→ YOUR GOAL
Pick out the lines below that contain the string "size" and copy them all.

→ TASK MATERIAL
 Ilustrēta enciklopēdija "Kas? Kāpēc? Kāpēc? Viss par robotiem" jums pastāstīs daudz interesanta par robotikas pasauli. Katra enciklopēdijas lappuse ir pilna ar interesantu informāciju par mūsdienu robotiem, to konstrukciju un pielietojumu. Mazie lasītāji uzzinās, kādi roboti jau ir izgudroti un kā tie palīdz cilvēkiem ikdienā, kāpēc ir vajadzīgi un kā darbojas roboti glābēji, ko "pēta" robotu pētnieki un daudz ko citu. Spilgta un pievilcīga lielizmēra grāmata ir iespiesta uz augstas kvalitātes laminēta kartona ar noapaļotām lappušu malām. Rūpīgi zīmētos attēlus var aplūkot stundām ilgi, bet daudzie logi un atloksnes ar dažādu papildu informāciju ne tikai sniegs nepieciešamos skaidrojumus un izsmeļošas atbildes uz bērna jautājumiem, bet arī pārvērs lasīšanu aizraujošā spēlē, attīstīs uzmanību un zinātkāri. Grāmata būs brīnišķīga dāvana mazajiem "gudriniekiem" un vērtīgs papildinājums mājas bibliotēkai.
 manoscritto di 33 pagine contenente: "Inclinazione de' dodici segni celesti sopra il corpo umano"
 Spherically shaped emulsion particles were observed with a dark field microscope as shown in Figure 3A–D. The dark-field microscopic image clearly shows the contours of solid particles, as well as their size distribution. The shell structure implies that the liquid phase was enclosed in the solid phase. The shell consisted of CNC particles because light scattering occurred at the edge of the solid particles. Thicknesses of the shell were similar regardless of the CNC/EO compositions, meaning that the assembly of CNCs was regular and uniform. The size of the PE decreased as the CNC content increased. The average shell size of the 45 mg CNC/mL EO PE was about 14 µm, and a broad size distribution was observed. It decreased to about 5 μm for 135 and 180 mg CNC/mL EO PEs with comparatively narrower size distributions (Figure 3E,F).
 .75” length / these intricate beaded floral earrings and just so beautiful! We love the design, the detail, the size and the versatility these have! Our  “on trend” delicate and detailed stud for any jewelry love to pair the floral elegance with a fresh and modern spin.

---

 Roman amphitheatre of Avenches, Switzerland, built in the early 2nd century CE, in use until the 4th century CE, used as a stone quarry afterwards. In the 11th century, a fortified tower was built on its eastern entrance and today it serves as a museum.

→ EXERCISE OUTPUT
 Spherically shaped emulsion particles were observed with a dark field microscope as shown in Figure 3A–D. The dark-field microscopic image clearly shows the contours of solid particles, as well as their size distribution. The shell structure implies that the liquid phase was enclosed in the solid phase. The shell consisted of CNC particles because light scattering occurred at the edge of the solid particles. Thicknesses of the shell were similar regardless of the CNC/EO compositions, meaning that the assembly of CNCs was regular and uniform. The size of the PE decreased as the CNC content increased. The average shell size of the 45 mg CNC/mL EO PE was about 14 µm, and a broad size distribution was observed. It decreased to about 5 μm for 135 and 180 mg CNC/mL EO PEs with comparatively narrower size distributions (Figure 3E,F).
 .75” length / these intricate beaded floral earrings and just so beautiful! We love the design, the detail, the size and the versatility these have! Our  “on trend” delicate and detailed stud for any jewelry love to pair the floral elegance with a fresh and modern spin.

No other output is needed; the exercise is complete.